+ - 0:00:00
Notes for current slide
Notes for next slide

Academic Publications with
R Markdown

eco-data-science session

Dan Ovando

University of Washington

2020-11-17 (updated 2020-11-17)

1 / 53

Why?

2 / 53

Why?

Also, to make your life easier!

3 / 53

Why R Markdown for Academics?

  • Reproducibility!

    • Copy and pasting figures and tables from even the most reproducible workflow carries risks
  • Citations

    • Seriously, is there anything worse than reference formatting?
  • Making things look nice

    • Automating formatting makes life a lot easier than manually messing with margins by hand
  • Collaboration

    • Trickier, but safer, way to incorporate edits across multiple authors
4 / 53

Why Not R Markdown for Academics?

  • Collaboration can be tricky

    • I honestly think it's easier than merging "finalFinalv10-oct2020-NEW_DANSEDITS.docx"

    • But it does require comfort with general version control practices, as well as R Markdown formatting

    • Probably not the best strategy for a 40 author literature review

  • Journals can have very finicky requirements

    • We'll talk about solutions to this, but sometimes the cure is worse than the bug

    • Don't wait until the night before it's due to make sure that you can get things in the format needed for your journal / dissertation!

5 / 53

A Quick Note on rticles

The rticles package seems like a great tool, providing R Markdown templates for a solid and growing number of journals.

We're not going to spend this meeting on it. I would definitely recommend that you check it out and see if it fits your needs.

  • But be warned, it's very "boutique"
    • Every contribution reflects a particular author's take on how to implement the template via R Markdown.
    • If you get 95% there then hit a wall, it's hard to switch to another format

We're going to focus on some nuts and bolts, and learning how to format things without depending on rticles

6 / 53

Formats

We'll come back to this a bit later but for today I'm going to

  • Focus on knitting to PDF

  • Touch on knitting to Word (works but caveat emptor)

  • Ignore knitting to HTML

    • By far the most supported online
    • Someday we may be allowed to write papers in HTML, but for now, critically important that our figures look nice when printed to the hypothetical sheet of paper that no one uses anymore 🙄
7 / 53

bookdown

I'm going to be using the bookdown package exclusively here, since it has a bunch of cross-referencing and formatting tools that are critical for academic publishing.

This looks like

---
title: "My Excellent Research"
author: Dan Ovando
date: "2020-11-17"
output:
bookdown::pdf_document2: default
bookdown::word_document2: default
bookdown::html_document2: default
linkcolor: blue
---

The linkcolor thing there ensure that you see Fig.1, instead of Fig.1

Many of the things we look at today will not work unless you use bookdown

8 / 53

Citations

I think citations might be my favorite thing about papers in R Markdown, and why I've started using it for all my papers where co-author needs allow, even non-quantitative ones

  • Automatically format citations for whatever journal you submit to

  • Automatically deal with in-text vs. in-paraentheses citations

  • Automatically format and update references / bibliography

  • No more "your zotero references are no longer linked"

9 / 53

Citations

Importing References

The first step is to get your references into a format that R Markdown can deal with.

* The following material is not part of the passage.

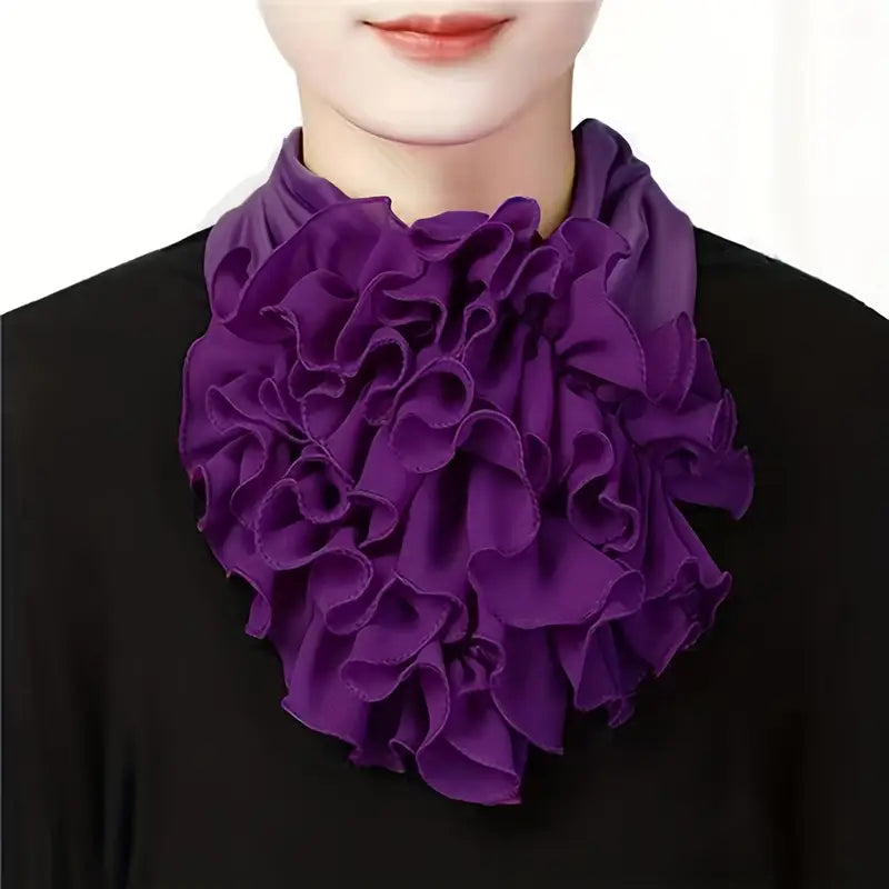 Faux col femme plastron élégant – Col amovible à volants en tissu violet pour chemisier et pull
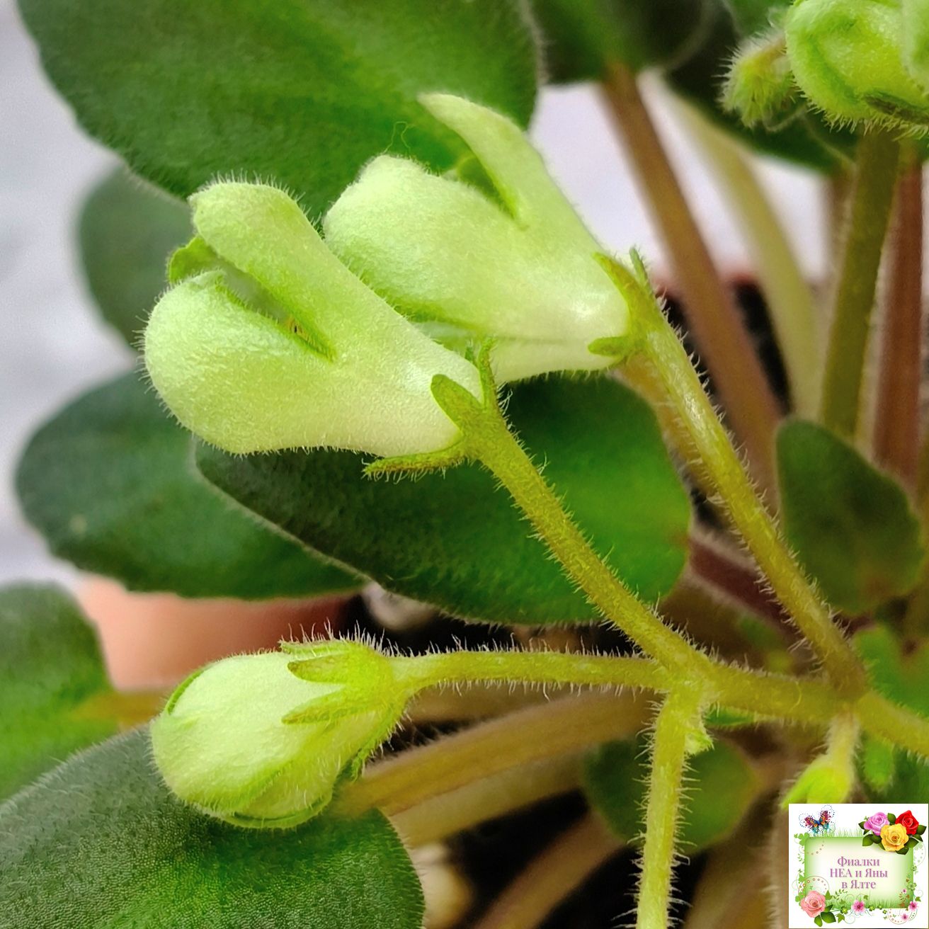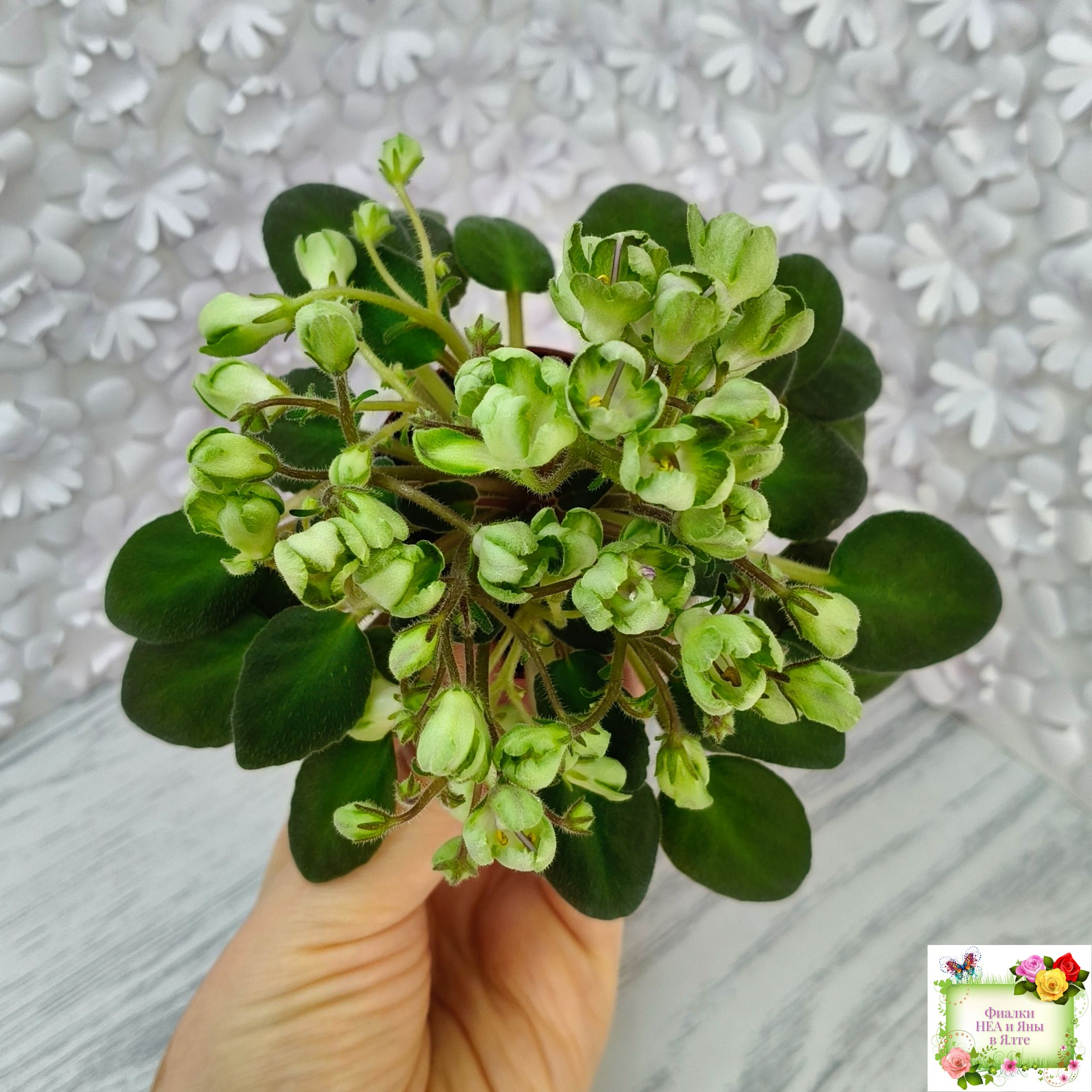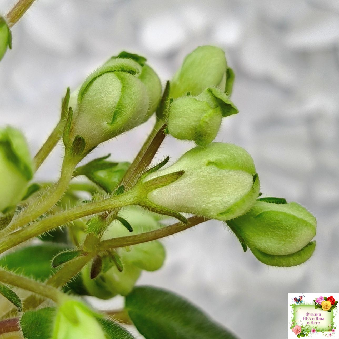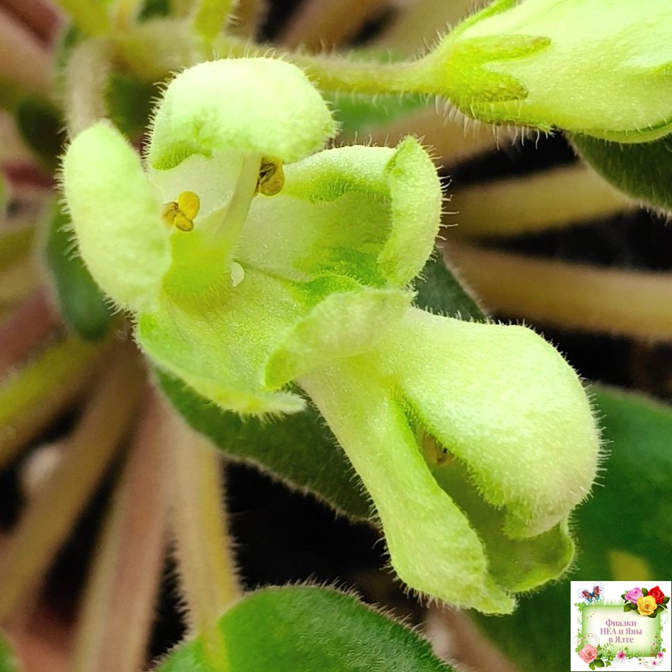 Средне-зеленый, заостренный бой лист, красноватая изнанка и черенок . Простые, средние светло-зелёные, плотно закрые колокольчики, вариабильное фиолетово-розовое напыление по краям лепесткам, бордовые цветоножки. Долгоиграющее букетное цветение. Официальный спорт от ЛЕ-Голубой Лютик. Полуминиатюра.

The simplest way to do this is to generate a .bib file

I do this by exporting my bibliography from zotero as a .bib using better bibtex

All references you want to cite need to be in your .bib, but but you can include references you don't cite

  • I'm lazy so frequently export my entire zotero library

Your .bib file has entries for each potential citation containing all the information that R Markdown needs to format the citation and reference

10 / 53

Citations

Importing References

@article{keum2001,
title = {Fat Penguins and Imaginary Penguins in Perturbative {{QCD}}},
author = {Keum, Yong-Yeon and Li, Hsiang-nan and Sanda, A. I.},
year = {2001},
month = apr,
volume = {504},
pages = {6--14},
issn = {0370-2693},
doi = {10.1016/S0370-2693(01)00247-7},
file = {/Users/danovan/Google Drive/references/Keum et al. - 2001 - Fat penguins and imaginary penguins in perturbativ.pdf;/Users/danovan/Zotero/storage/4UI4382Z/S0370269301002477.html},
journal = {Physics Letters B},
language = {en},
number = {1}
}
11 / 53

Citations

Formatting

Citations are easy!

Fishes are delicious [@seal2020;@cat1400]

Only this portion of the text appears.